Well this week I, yet again, convinced myself it was time to go on a diet. Usually when I do this I try, yet again, to do Weightwatchers. I did this successfully about ten years ago and kid myself that I can remember how to do, and can apply all the rules with self discipline without actually having to attend a meeting or pay any money again. I always give up by day three.
This time I bought a different book. It was cheap from The Book People and had that lovely looking lass from Channel Four on it, Anna Richardson. I remember watching a diet programme sometime with her in it that was quite sensible. All the usual stuff about healthy eating and moving about more. Of course I know all the basics behind this already but I do like a new book especially if it’s going to give me new recipes to follow and keep me in check.
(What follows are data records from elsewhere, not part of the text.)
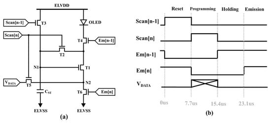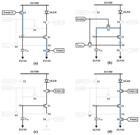 Figure 1a shows the circuit construction of the proposed 6T1C LTPO pixel circuit, which adopts the top-anode OLED configuration or the inverted top-emitting OLED (ITOLED) structure [,]. The proposed 6T1C pixel circuit is composed of one driving LTPS TFT (T1), two switching LTPS TFTs (T4 and T6), three switching oxide TFTs (T2, T3, and T5), and one storage capacitor (CST). Furthermore, nodes N1 and N2 are the DTFT’s gate (VG) and source voltages (VS), which play an important role in controlling pixel currents. The corresponding timing diagram is shown in Figure 1b. To reduce the complexity of the pixel circuit, both Scan[n] and Scan[n − 1] control signals (Em[n] and Em[n − 1]) have the same pulse width. The operation of the proposed circuit is divided into four phases, as shown in Figure 2, presented in detail as follows.
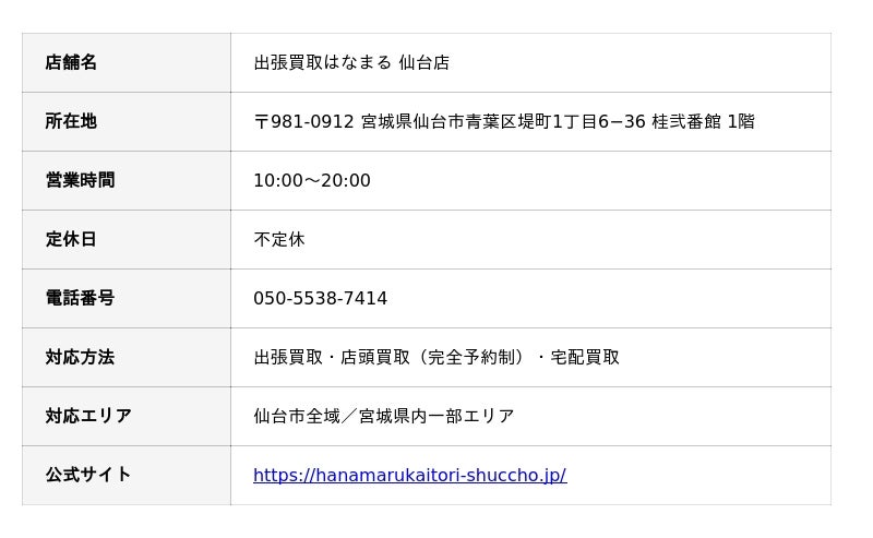 出張買取はなまるの店舗情報
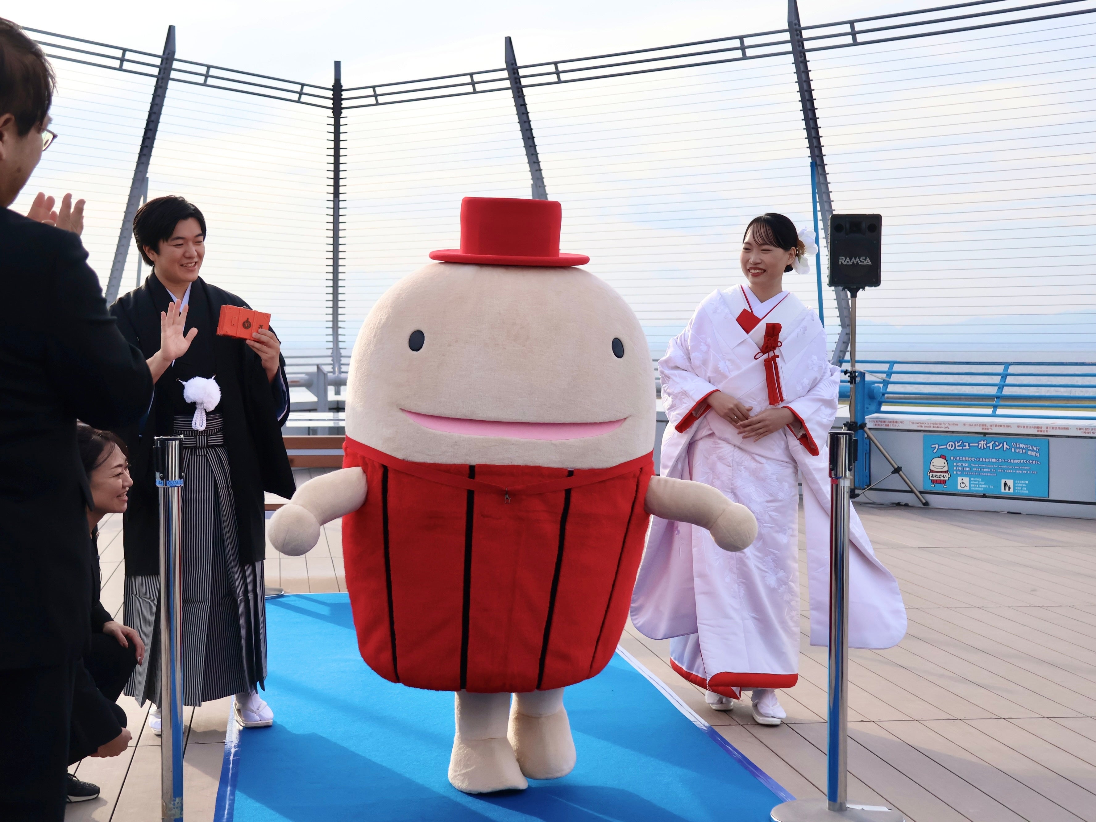管制塔を背景に新郎新婦が入場。誓いの言葉が述べられ、二人のもとに指輪を届けたのは、セントレアのオリジナルキャラクター「なぞの旅人フー」!首から指輪の入ったトランク型のケースを下げて指輪を届ける演出に、会場からは笑顔がこぼれました。

Then I opened the book and skipped to the “Rules”. I read them, was horrified and closed the book again. This was clearly not the book that went with the programme. There was no way I could start this diet on any normal day. I had to wait until I had no-one to see socially, was not on holiday and was no-where where I might have to buy food or drink. I put the book away while I went on holiday, ate ice cream, got drunk and had a barbeque.
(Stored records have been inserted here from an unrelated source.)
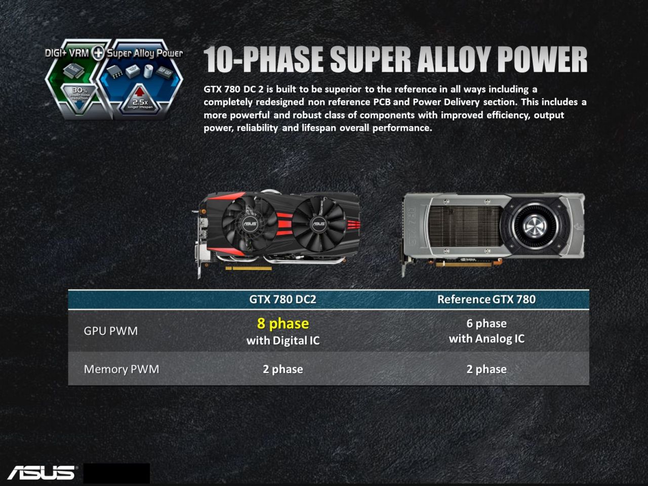 Here we see the comparison of the reference model which has a 6 Phase VRM vs the DirectCU II OC model which employs the 8 Phase solution for enhanced power capability.
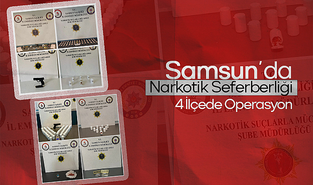 Samsun İl Emniyet Müdürlüğü Narkotik Suçlarla Mücadele Şube Müdürlüğü ekipleri, kent genelinde uyuşturucu madde ticareti ve kullanımının engellenmesine yönelik geniş kapsamlı bir operasyon gerçekleştirdi. İlkadım, Atakum, Canik ve Çarşamba ilçelerini kapsayan eş zamanlı çalışmalarda, sokak satıcılarına ve uyuşturucu şebekelerine büyük bir darbe indirildi. Çok sayıda adrese yapılan baskınlarda uyuşturucu maddelerin yanı sıra silah ve suçtan elde edilen paralar ele geçirildi.
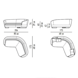 المقاس : العرض 204 سم* العمق 173 سم* الإرتفاع 74 سم
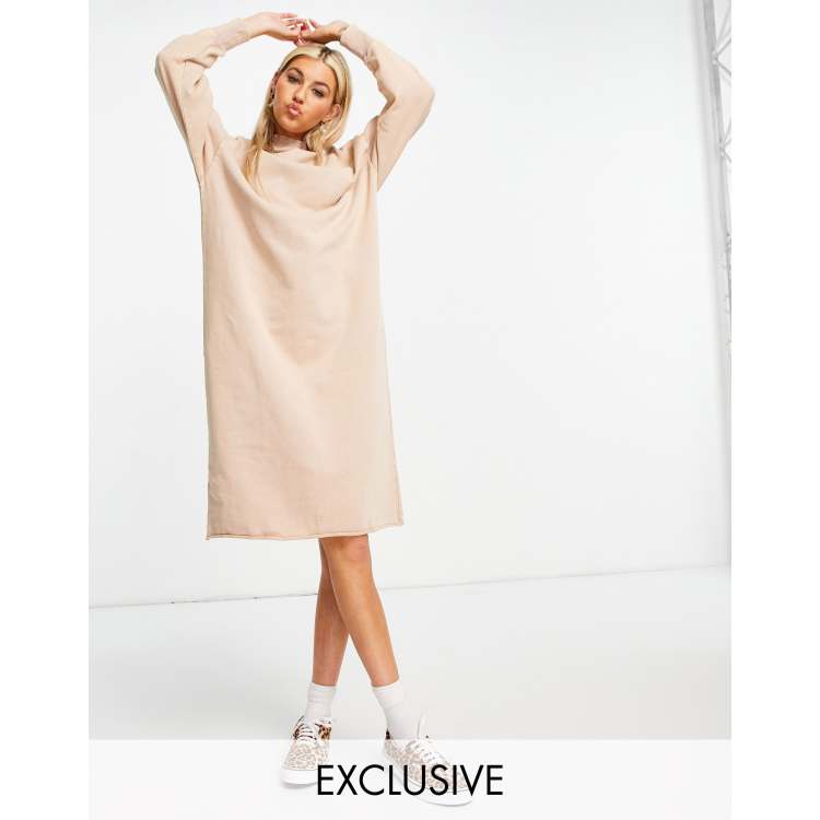 COLLUSION maxi acid wash sweatshirt dress in fawn Very well made.

But you see I’d paid for the book. If you’ve already paid you kind of feel you ought to give it a stab. So I did my online food shopping with the diet in mind. It included food I don’t usually eat which is never a good idea. But I stocked my cupboards with it and didn’t buy the diet things I usually buy like jaffa cakes.
So in case you are interested here are the rules and how I got on:
Oh seriously this is not a good start. No bread, bagels, pasta and no I shouldn’t go and buy the wheat free versions either. This leaves me with porridge oats, rice and potatoes as carbs. Oh and rye bread. Dear lord I hate rye bread. And I can eat almost anything. Of course I convinced myself it would be fine and bought it. It’s not it’s hideous and I won’t be convinced otherwise. By day two I had eaten a bagel.
Ok so I can see why giving up cheese would help, especially me who can’t say no once I’ve hacked a corner off the mature cheddar I’m making into someone else’s sandwich. No full fat dairy, fair enough, but only a small hot drinks milk allowance leaves me making my porridge with water. Ugh.
Yeah yeah I can do this. Oh no I can’t. I’m a sugar addict. Yes I need to cut down, but cut it out and by 3pm on the first day I was shouting, crying and trying to beg for chocolate buttons from my children. God did I need a jaffa cake.
NO CARBS AFTER SIX
We eat at 5.30 so I was hoping I could get away with this, but she expects normal people to eat later and essentially means no carbs in your evening meal. I had potatoes on the first evening. It went downhill from there.
NO ALCOHOL FOR TWO WEEKS
Erm, equally not drinking alcohol not exactly one of my strong points. I bought non alcoholic lager and drank one on the first night. Then I realised it was made of wheat. Bugger. Then I ate two digestives biscuits…because essentially if I hadn’t I’d have hit Paul with the swimming woggle I found lying around in the living room. I’ve done two and half days now without real alcohol…but it’s nearly Friday night.
I am sure I’m not supposed to allow myself to be hungry but no wheat, no dairy and no sugar does that to me, whatever rice cake nonsense you replace it with. I am clearly “not ready to diet”. Well not this one anyway. Where did I put those weightwatchers recipe books? Oh well I’ll start again on Monday.